**Exercise:**
As you work through the listing below, copy each line exactly and drop the images.

**Input data:**
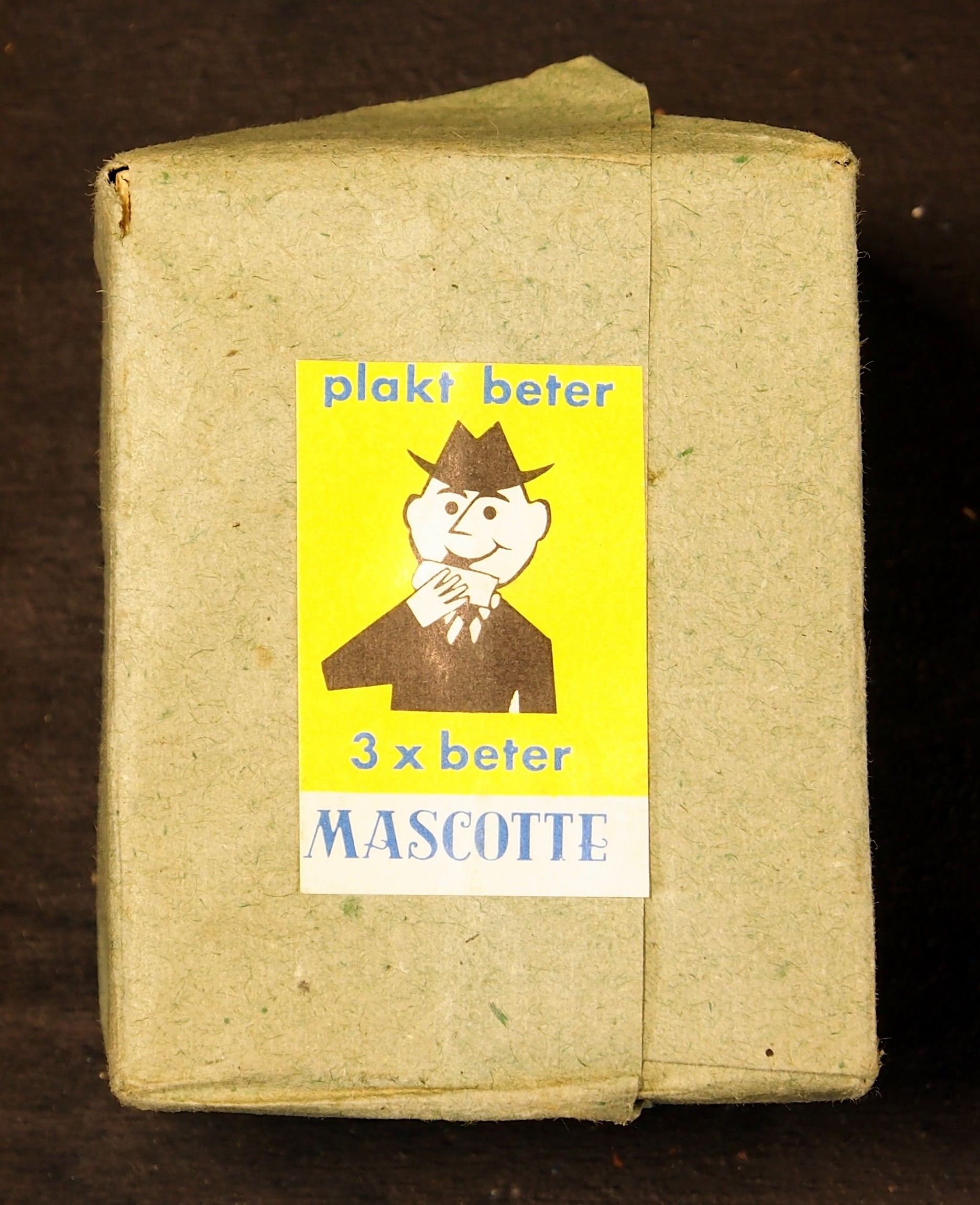 Old product that is not sold/produced anymore!
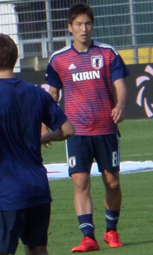 Genki Haraguchi at Switzerland vs Japan (June 2018)
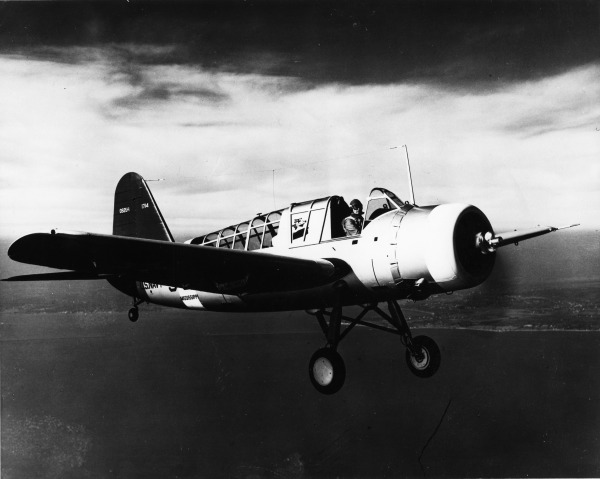 PictionID:40959896 - Catalog:Array - Title:Array - Filename:16_000185 Vought OS2U-1 1714 VO-3 3-O-4 USS Mississippi USN.tif - - Ray Wagner was Archivist at the San Diego Air and Space Museum for several years and is an author of several books on aviation --- ---Please Tag these images so that the information can be permanently stored with the digital file.---Repository: San Diego Air and Space Museum
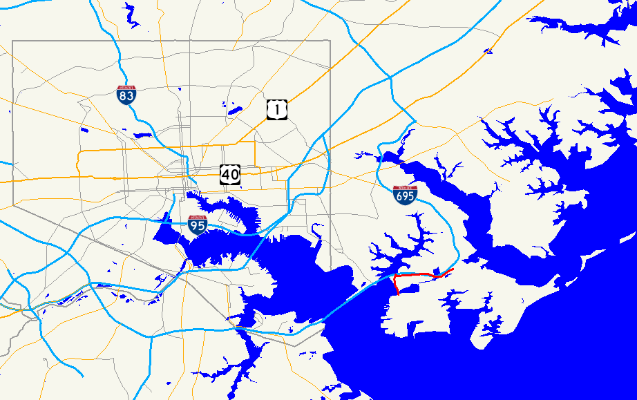 Map of Maryland Route 158

**Written answer:**
 Old product that is not sold/produced anymore!
 Genki Haraguchi at Switzerland vs Japan (June 2018)
 PictionID:40959896 - Catalog:Array - Title:Array - Filename:16_000185 Vought OS2U-1 1714 VO-3 3-O-4 USS Mississippi USN.tif - - Ray Wagner was Archivist at the San Diego Air and Space Museum for several years and is an author of several books on aviation --- ---Please Tag these images so that the information can be permanently stored with the digital file.---Repository: San Diego Air and Space Museum
 Map of Maryland Route 158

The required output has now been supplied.